STORED DATA

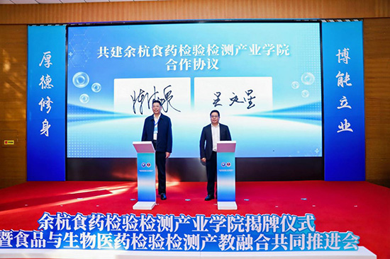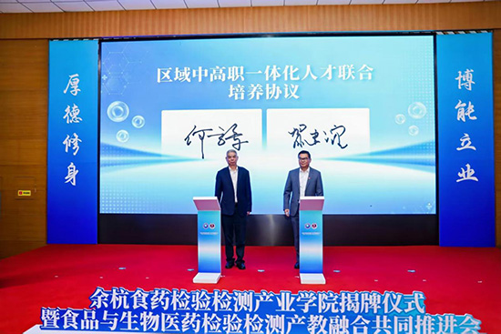 余杭區(qū)教育局黨委書記、局長吳文星與浙江經(jīng)貿(mào)職業(yè)技術(shù)學(xué)院校長陳德泉共同簽署《共建余杭食藥檢驗(yàn)檢測(cè)產(chǎn)業(yè)學(xué)院合作協(xié)議》,標(biāo)志著校地合作從“規(guī)劃”邁向“落地”。
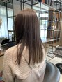 毛先に軽さを出したストレートロング。ブリーチ無しのアッシュで透明感ある色に^ ^
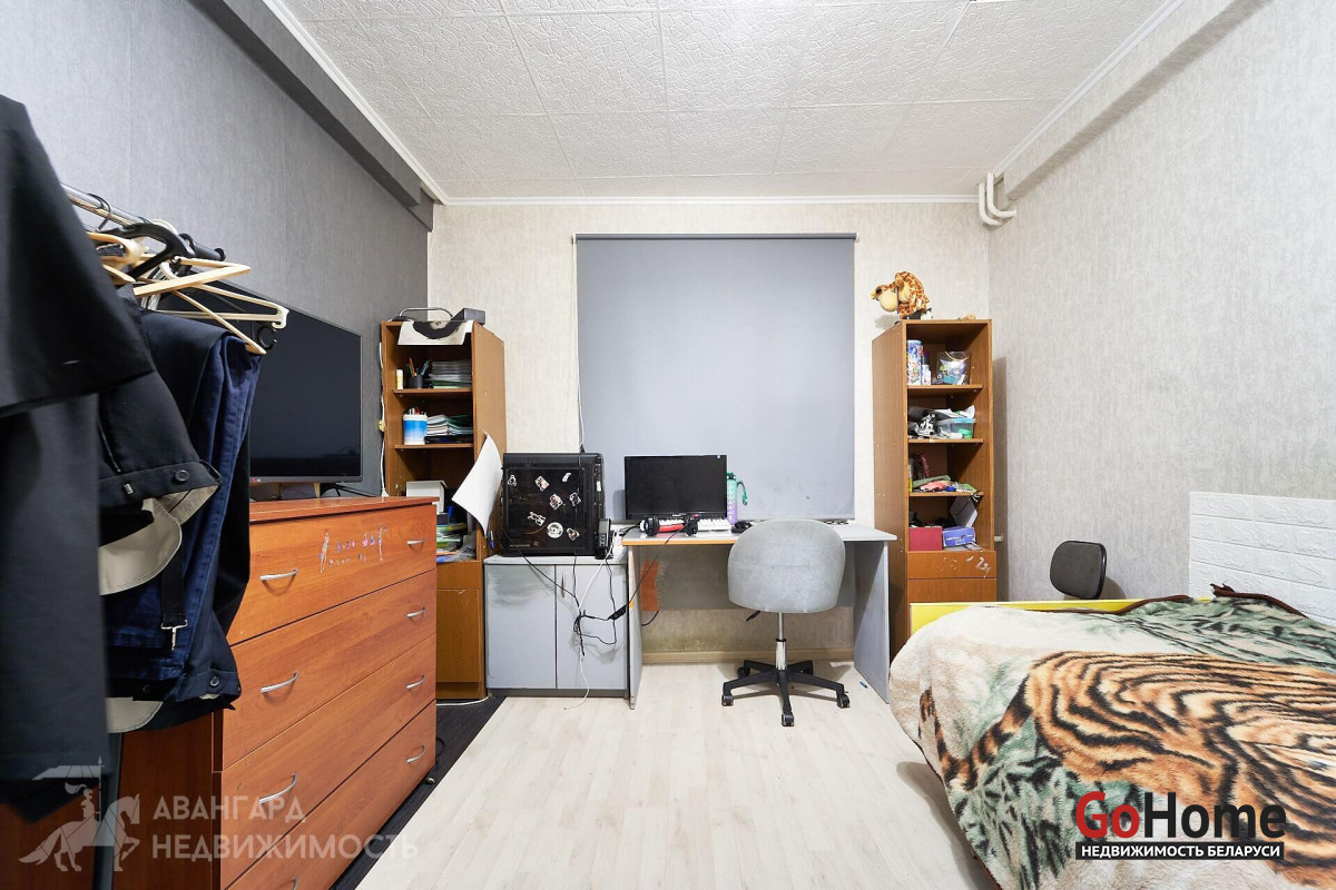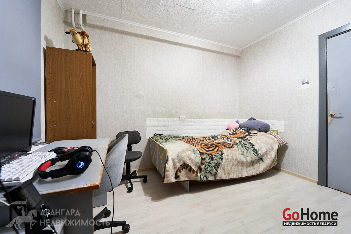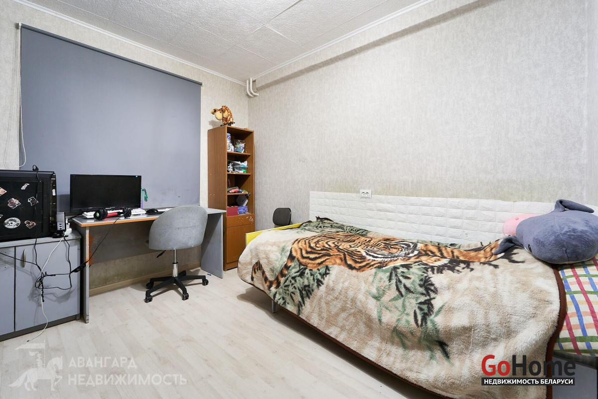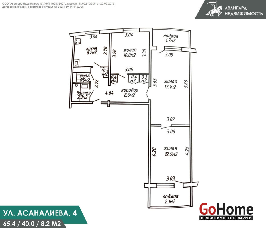 Жилая площадь квартиры составляет по СНБ 65.5м2. Комната с выходом на застекленную лоджию 17,1м2 и вторая изолированная комната также с выходом на застеклённую лоджию площадью 12.9м2. Ещё одна изолированная комната 10.0м2. Просторная кухня площадью 8.2м2, укомплектована газовой плитой и обеденной зоной. Раздельный санузел, подключена стиральная машина.

WHAT IS NEEDED
Please give back the data above word for word, with no pictures included.

SOLUTION TO THE PROBLEM
 余杭區(qū)教育局黨委書記、局長吳文星與浙江經(jīng)貿(mào)職業(yè)技術(shù)學(xué)院校長陳德泉共同簽署《共建余杭食藥檢驗(yàn)檢測(cè)產(chǎn)業(yè)學(xué)院合作協(xié)議》,標(biāo)志著校地合作從“規(guī)劃”邁向“落地”。
 毛先に軽さを出したストレートロング。ブリーチ無しのアッシュで透明感ある色に^ ^
 Жилая площадь квартиры составляет по СНБ 65.5м2. Комната с выходом на застекленную лоджию 17,1м2 и вторая изолированная комната также с выходом на застеклённую лоджию площадью 12.9м2. Ещё одна изолированная комната 10.0м2. Просторная кухня площадью 8.2м2, укомплектована газовой плитой и обеденной зоной. Раздельный санузел, подключена стиральная машина.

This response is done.